Berlin : Koptische Christen feierten erstmals in eigener Kirche in Lichtenberg

Michael Brunner

Dichte Weihrauchschwaden ziehen durch das Kirchenschiff. Bischof Anba Damian schwenkt ein silbernes Fässchen, aus dem der dicke Rauch quillt. Orgel und Harmonium schweigen zwar, doch es ist nicht still: Während Bischof Damian Gebete spricht, singt eine Gruppe von Männern uralte Lieder. Es ist Donnerstagabend, der 6. Januar, und die Koptische Gemeinde Berlin feiert das Weihnachtsfest. 30 Menschen sind gekommen.

Ort ist die St.-Antonius und St.-Shenouda-Kirche am Roedeliusplatz in Lichtenberg. Schon beim ersten Blick auf die Klinkerfassade und die Gewölbe mit Backsteinbögen im Innern wird klar, in welcher Tradition das Gotteshaus steht: Bis zum Frühjahr 1999 hieß es Glaubenskirche und gehörte der evangelischen Gemeinde Alt-Lichtenberg. Die Gemeinde besitzt eine zweite Kirche am Loeperplatz und hatte sich schon länger schwer getan mit der Unterhaltung zweier Häuser. So ging die Glaubenskirche an den Senat, der sie im Erbbaurecht an die Berliner Kopten weitergab.

Kopten haben ihren eigenen Zeitbegriff. Ihr Festgottesdienst beginnt nicht einfach, er entwickelt sich Stunde um Stunde bis Mitternacht. Immer wieder öffnet sich die Tür und nacheinander erscheinen Diakone, Subdiakone und mehrere Frauen. Ein Diakon küsst den Boden zu Füßen des Bischofs, danach die Hand des Geistlichen. Bischof Damian segnet den Mann und betet laut "für Entschlafene und Gefangene, Behinderte und Kriegsopfer". Es ist kalt in der Kirche, der Hauch der Sänger ist zu sehen. Aber die Männer am Altar spüren offenbar keine Kälte, sie haben Jacken und Schuhe ausgezogen. Bischof Damian ist aus dem deutschen Hauptquartier der Kopten in Höxter an der Weser angereist, den Berliner Gemeindepriester Girgis Al-Muharraqi hat er nach Dänemark entsandt, damit die Kopten auch dort feiern können. In Reihe fünf sitzt Marina Fluche aus Neukölln. Frau Fluche ist Ägyptologin und Altertumswissenschaftlerin und hat sich im letzten Frühjahr der Koptischen Gemeinde angeschlossen. Ihre Zuneigung hat sie bei Reisen am Nil entdeckt. "Dort strahlen die Kirchen pures Altertum aus", sagt sie. Mit der Rolle der Frau in Ägypten hat sie jedoch ihre Schwierigkeiten.

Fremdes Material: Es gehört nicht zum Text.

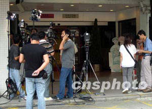 圖:香港大批記者守候瑪嘉烈醫(yī)院
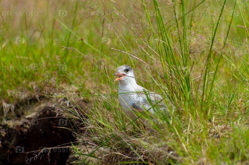 Взрослая чайка выглядывает из густой высокой травы и смотрит в камеру

Gegen 21 Uhr, zwei Stunden nach Beginn, erscheint Verstärkung. Bischof Damian bittet soeben um höheren Beistand gegen Preiserhöhungen und Überschwemmungen, da geht die Tür auf und eine ganze Gruppe von Priestern der Syrisch-Orthodoxen Gemeinde aus der Potsdamer Straße in Tiergarten erscheint. Hinten in Reihe 20 piept ein Handy, aber niemand geht ran. Der Bischof begrüßt die Gäste herzlich, sie fügen sich nahtlos ein und singen voller Freude mit.

Die Gemeinde darf sich sicher fühlen, denn mehrere Polizeistreifen patrouillieren um die Kirche. Bezirksbürgermeister Wolfram Friedersdorff erscheint und überreicht Geschenke, eine Vase und ein Buch. Ein Diakon drückt ihm ein Gesangbuch in die Hand und der Bürgermeister vertieft sich ins koptische Alphabet.